*** Opening SOURCE MATERIAL ***

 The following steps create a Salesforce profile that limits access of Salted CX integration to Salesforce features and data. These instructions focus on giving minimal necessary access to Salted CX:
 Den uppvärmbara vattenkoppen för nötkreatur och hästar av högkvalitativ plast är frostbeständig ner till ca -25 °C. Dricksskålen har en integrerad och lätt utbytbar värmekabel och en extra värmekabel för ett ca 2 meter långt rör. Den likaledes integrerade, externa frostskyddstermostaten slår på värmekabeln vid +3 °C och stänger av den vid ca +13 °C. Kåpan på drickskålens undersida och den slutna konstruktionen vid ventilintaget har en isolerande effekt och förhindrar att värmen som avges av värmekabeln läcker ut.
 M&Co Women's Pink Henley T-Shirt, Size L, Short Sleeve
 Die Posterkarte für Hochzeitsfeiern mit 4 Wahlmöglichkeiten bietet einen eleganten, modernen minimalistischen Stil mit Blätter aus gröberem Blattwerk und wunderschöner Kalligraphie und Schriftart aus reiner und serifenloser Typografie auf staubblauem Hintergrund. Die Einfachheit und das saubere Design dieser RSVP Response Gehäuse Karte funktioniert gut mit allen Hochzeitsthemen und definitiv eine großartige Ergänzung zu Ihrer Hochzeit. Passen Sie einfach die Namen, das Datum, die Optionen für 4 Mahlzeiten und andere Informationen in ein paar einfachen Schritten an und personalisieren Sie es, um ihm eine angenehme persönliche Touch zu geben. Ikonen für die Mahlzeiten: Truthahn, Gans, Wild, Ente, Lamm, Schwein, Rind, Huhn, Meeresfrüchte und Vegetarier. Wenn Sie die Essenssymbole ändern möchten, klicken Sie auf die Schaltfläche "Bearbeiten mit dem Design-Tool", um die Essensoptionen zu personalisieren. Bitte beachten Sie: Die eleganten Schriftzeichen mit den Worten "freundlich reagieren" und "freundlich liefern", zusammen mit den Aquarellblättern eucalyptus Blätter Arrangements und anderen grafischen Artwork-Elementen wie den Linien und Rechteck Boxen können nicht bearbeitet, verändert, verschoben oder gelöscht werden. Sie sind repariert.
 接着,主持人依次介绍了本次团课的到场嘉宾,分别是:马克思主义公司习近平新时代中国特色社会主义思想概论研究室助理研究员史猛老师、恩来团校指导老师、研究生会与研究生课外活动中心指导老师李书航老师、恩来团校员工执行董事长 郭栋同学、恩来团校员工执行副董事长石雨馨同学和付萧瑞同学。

*** Closing SOURCE MATERIAL ***
*** Opening SOURCE MATERIAL ***

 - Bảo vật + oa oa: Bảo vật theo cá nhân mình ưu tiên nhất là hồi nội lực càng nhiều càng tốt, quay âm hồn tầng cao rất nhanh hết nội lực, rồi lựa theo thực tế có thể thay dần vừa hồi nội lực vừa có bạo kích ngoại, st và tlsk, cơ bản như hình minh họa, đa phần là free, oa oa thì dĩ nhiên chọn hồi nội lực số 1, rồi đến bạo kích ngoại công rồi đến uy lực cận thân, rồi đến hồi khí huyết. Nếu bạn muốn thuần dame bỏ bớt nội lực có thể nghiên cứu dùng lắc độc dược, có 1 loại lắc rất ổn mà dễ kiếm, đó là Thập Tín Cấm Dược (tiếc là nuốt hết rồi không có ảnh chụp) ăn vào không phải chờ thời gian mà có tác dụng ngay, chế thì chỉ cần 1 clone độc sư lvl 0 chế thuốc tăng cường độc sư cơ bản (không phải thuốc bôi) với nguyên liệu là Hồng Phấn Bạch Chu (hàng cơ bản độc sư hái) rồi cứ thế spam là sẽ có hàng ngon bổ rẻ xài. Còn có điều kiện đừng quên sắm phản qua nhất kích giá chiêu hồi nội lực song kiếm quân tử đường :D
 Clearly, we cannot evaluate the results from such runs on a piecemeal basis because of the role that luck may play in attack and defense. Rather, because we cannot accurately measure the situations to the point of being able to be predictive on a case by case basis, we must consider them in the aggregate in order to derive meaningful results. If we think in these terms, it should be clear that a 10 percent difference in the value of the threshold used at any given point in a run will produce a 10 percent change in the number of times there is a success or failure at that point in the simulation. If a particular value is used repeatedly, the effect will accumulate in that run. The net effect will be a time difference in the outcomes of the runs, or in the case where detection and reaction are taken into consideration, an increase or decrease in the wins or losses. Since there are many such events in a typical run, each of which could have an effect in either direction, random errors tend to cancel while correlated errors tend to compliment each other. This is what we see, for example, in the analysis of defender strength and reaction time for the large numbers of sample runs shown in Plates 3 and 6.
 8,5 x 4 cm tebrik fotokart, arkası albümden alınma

*** Closing SOURCE MATERIAL ***

PROBLEM DETAILS
For this exercise, find all lines in the records containing the word "that" and copy them.

SOLUTION FOR THIS EXERCISE
 The following steps create a Salesforce profile that limits access of Salted CX integration to Salesforce features and data. These instructions focus on giving minimal necessary access to Salted CX:
 Clearly, we cannot evaluate the results from such runs on a piecemeal basis because of the role that luck may play in attack and defense. Rather, because we cannot accurately measure the situations to the point of being able to be predictive on a case by case basis, we must consider them in the aggregate in order to derive meaningful results. If we think in these terms, it should be clear that a 10 percent difference in the value of the threshold used at any given point in a run will produce a 10 percent change in the number of times there is a success or failure at that point in the simulation. If a particular value is used repeatedly, the effect will accumulate in that run. The net effect will be a time difference in the outcomes of the runs, or in the case where detection and reaction are taken into consideration, an increase or decrease in the wins or losses. Since there are many such events in a typical run, each of which could have an effect in either direction, random errors tend to cancel while correlated errors tend to compliment each other. This is what we see, for example, in the analysis of defender strength and reaction time for the large numbers of sample runs shown in Plates 3 and 6.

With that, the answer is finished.